**DIRECTIONS:** All that is needed is an exact copy of the lines from the beginning of the data below through the line containing "今度はブレーンバスター狙いに", minus the pictures.

**AVAILABLE DATA:**
__________________________________________________
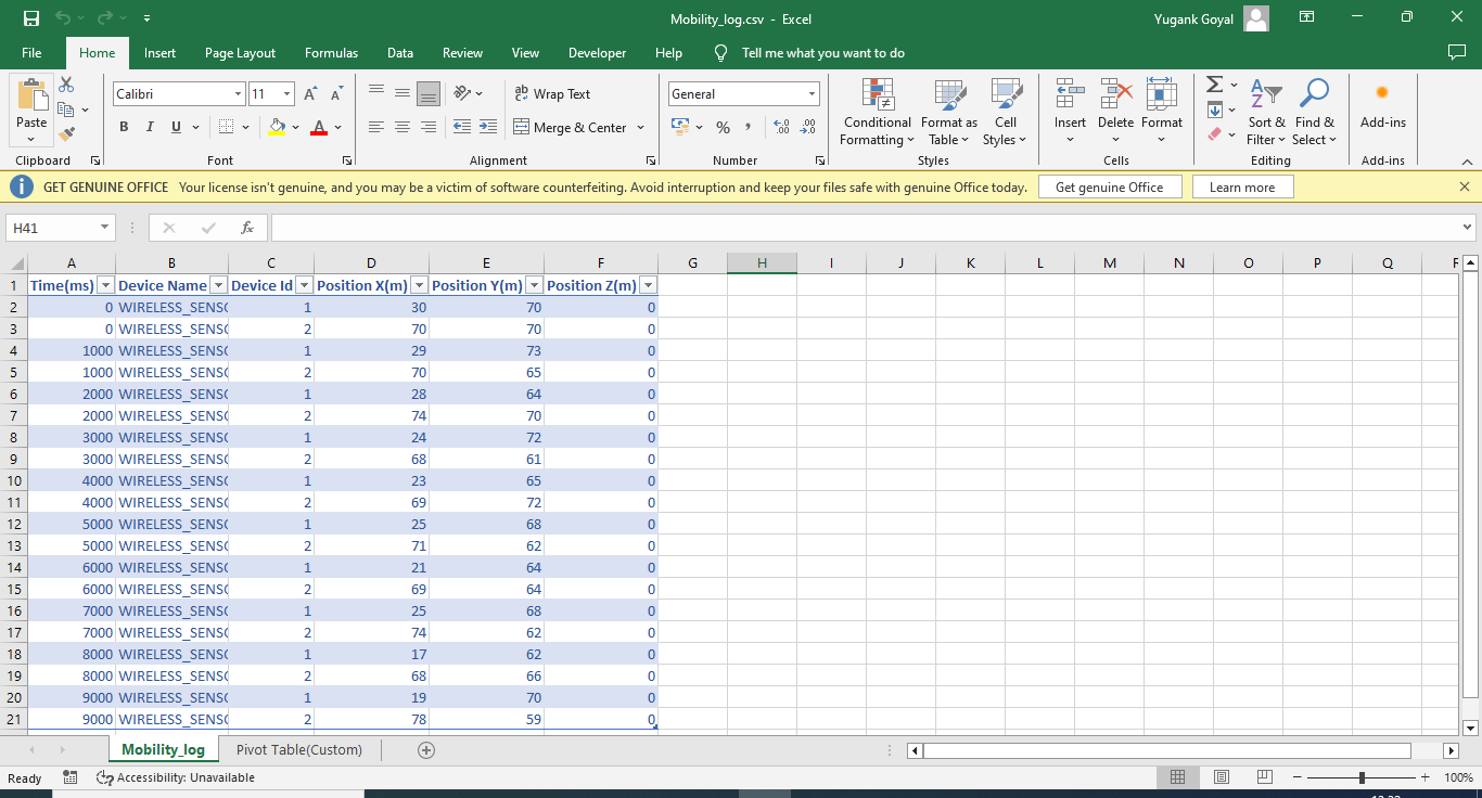 NetSim mobility log file records Time, Device Name, Device Id, Position X, Position Y, Position Z. The Mobility log can be enabled by clicking on icon present in the tool bar as shown below.
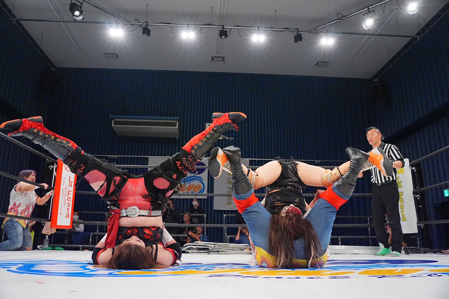 今度はブレーンバスター狙いに行くが、SAKIがカット。しのせがドロップキックからSAKIのアトミックドロップキック。続けてしのせがネックブリーカードロップ。
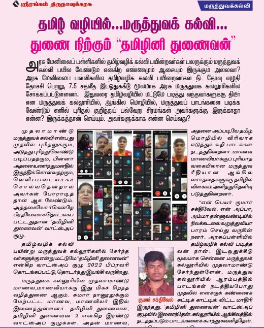 “என் பெயர் குமார் சக்திவேல். என் அப்பா, அம்மா தள்ளுவண்டியில் நிலக்கடலை வறுத்து வியா பாரம் செய்து வருகின் றனர். அரசுப்பள்ளியில் தமிழ்வழிக் கல்வி படித்த வன் நான். இடஒதுக்கீடு மூலமாக சென்னை மருத்துவக் கல்லூரியில் முதலாமாண்டு சேர்ந்துள்ளேன். மருத்துவ கல்லூரியில் ஆரம்பத்தில் பாடங்கள் நடத்தியபோது முதலில் எனக்குக் கண்ணைக் கட்டிக் காட்டில் விட்ட மாதிரி இருந்தது. ‘தமிழினி துணைவன்’ வாட்ஸ்அப் குழுவில் இணைந்தேன். கல்லூரியில் ஆங்கிலத்தில் நடத்தப்படும் பாடங்களைக் கூர்ந்து கவனித்தேன். முக்கியமான ஆங்கில வார்த்தைகளைக் குறித்து வைத்துக் கொள்வேன். அந்த ஆங்கில வார்த்தைகளுக்கான தமிழும் அதன் விரிவான பொருளும் எங்கள் ‘தமிழினி துணைவன்’ வாட்ஸ்அப் குழுவில் பகிர்ந்து, பின்னர் அதன் முழுமையானப் பொருளைத் தெரிந்து கொள்வேன்.
__________________________________________________
**REPLY:**
 NetSim mobility log file records Time, Device Name, Device Id, Position X, Position Y, Position Z. The Mobility log can be enabled by clicking on icon present in the tool bar as shown below.
 今度はブレーンバスター狙いに行くが、SAKIがカット。しのせがドロップキックからSAKIのアトミックドロップキック。続けてしのせがネックブリーカードロップ。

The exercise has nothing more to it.